Domvanalimab Combination Shows Clinically Meaningful Progression-Free Survival in Lung Cancer


Data from the fourth interim analysis of the ARC-7 trial shows that a combination of Fc-silent anti-TIGIT and anti-PD-1 molecules are effective for objective response rates in certain lung cancers.

Domvanalimab, an anti-TIGIT antibody, showed clinically meaningful results as an Fc-silent anti-TIGIT/anti-PD-1 combination therapy for patients with first-line metastatic non-small cell lung cancer (NSCLC) at a fourth interim analysis. Patients expressed a PD-L1 tumor proportion score (TPS) at 50% or more and had no epidermal growth factor receptor or anaplastic lymphoma kinase (EGFR/ALK) mutations.

“The efficacy measures observed, including [progression free survival] PFS, reinforce confidence in the TIGIT pathway. The interim results show that combining two checkpoint inhibitors—an anti-TIGIT and an anti-PD-1—delivered added benefit beyond anti-PD-1 monotherapy in this setting,” said Melissa L. Johnson, MD, director Lung Cancer Research, Sarah Cannon Research Institute at Tennessee Oncology, and Lead Investigator for the ARC-7 study, in a press release.

Objective response rates (ORR) and PFS were the primary efficacy measures, and combination therapies with domvanalimab measured higher in both at 6 months. Secondary measures were duration of response, disease control rate, overall survival, and overall safety.

Domvanalimab is designed to bind to immune cell protein receptor, TIGIT, a protein that is exploited by cancer cells because it stops an immune response.
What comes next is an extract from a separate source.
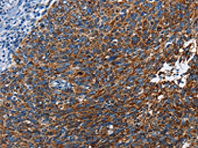 The image on the left is immunohistochemistry of paraffin-embedded Human cervical cancer tissue using CSB-PA703411(ETHE1 Antibody) at dilution 1/20, on the right is treated with fusion protein. (Original magnification: ×200)

Domvanalimab, an Fc-silent investigational monoclonal antibody, binds to TIGIT and effectively activates immune cells to attack and kill target cells.
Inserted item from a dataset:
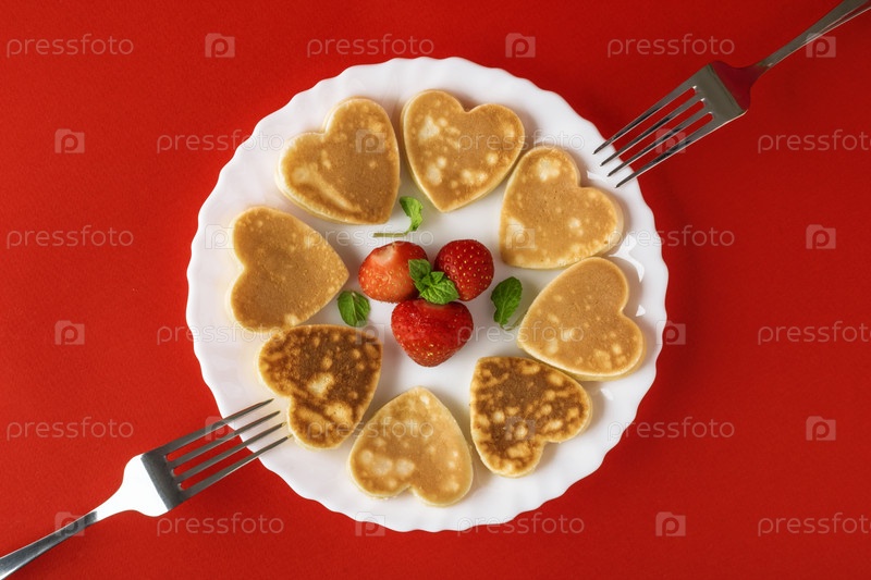 Креативный завтрак на День святого Валентина. Блинчики в форме сердца с клубникой на тарелке с вилками, на красном фоне. День святого Валентина фон. Вид сверху. Плоская укладка. Копировать пространство
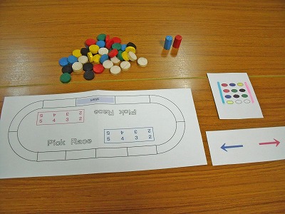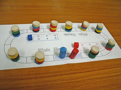 プレーヤーはボード上のトラックを周回し、停まったマスにあるチップをピッキングしながら既定の4セット先に集めれば勝ちとなります。

Researchers conducted this trial to determine the efficacy and safety of domvanalimab as a combination therapy against monotherapy with an anti-PD-1 antibody, zimberelimab.

The phase 2, multicenter, 3-arm, randomized open-label study evaluated the safety and efficacy of 3 different drug combinations in 1:1:1 randomized arms: domvanalimab and zimberelimab; domvanalimab, zimberelimab, and etrumadenant; and zimberelimab monotherapy in 150 patients with metastatic NSCLC (PD-L1 TPS greater than 50%, no EGFR or ALK mutations).
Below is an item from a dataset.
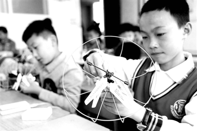 近日,重庆梁平县科协、县教委在力帆光彩小学举办2016年春季青少年科技模型大赛。全县中小学校的700多名留守儿童参加了体感飞行器、“闪电”橡筋飞机、太阳能动力模型车现场组装以及操作三个项目的比赛,过足了“科技瘾”。图为一名学生在组装体感飞行器。

“The consistency of the efficacy and safety data from both of the domvanalimab-containing arms observed at this interim analysis support our continued strong conviction in the domvanalimab program,” said Dimitry S.A. Nuyten, MD, PhD, chief medical officer of Arcus Biosciences, in the press release.

Domvanalimab-combination arms were well tolerated, showed a consistent safety profile, and researchers observed no unexpected safety signals. It is currently being evaluated as a combination therapy for gastric, esophageal, and gastro-esophageal junction adenocarcinomas, as well as unselected NSCLC and unresectable Stage 3 NSCLC.

Data are expected to be presented at the American Society of Clinical Oncology (ASCO) Monthly Plenary Series on December 20, 2022.

“These results strengthen our belief in the potential of domvanalimab and the promise of our anti-TIGIT approach to meaningfully impact the outlook for people with metastatic lung cancer,” said Bill Grossman, MD, PhD, senior vice president, therapeutic area head, Gilead Oncology, in the press release.


Gilead Sciences, Inc. Gilead and Arcus Biosciences Announce Positive Update on Joint TIGIT Program From Interim Analysis of ARC-7 Study in Non-small Cell Lung Cancer. Businesswire. News Release. November 28, 2022. Accessed on November 29, 2022.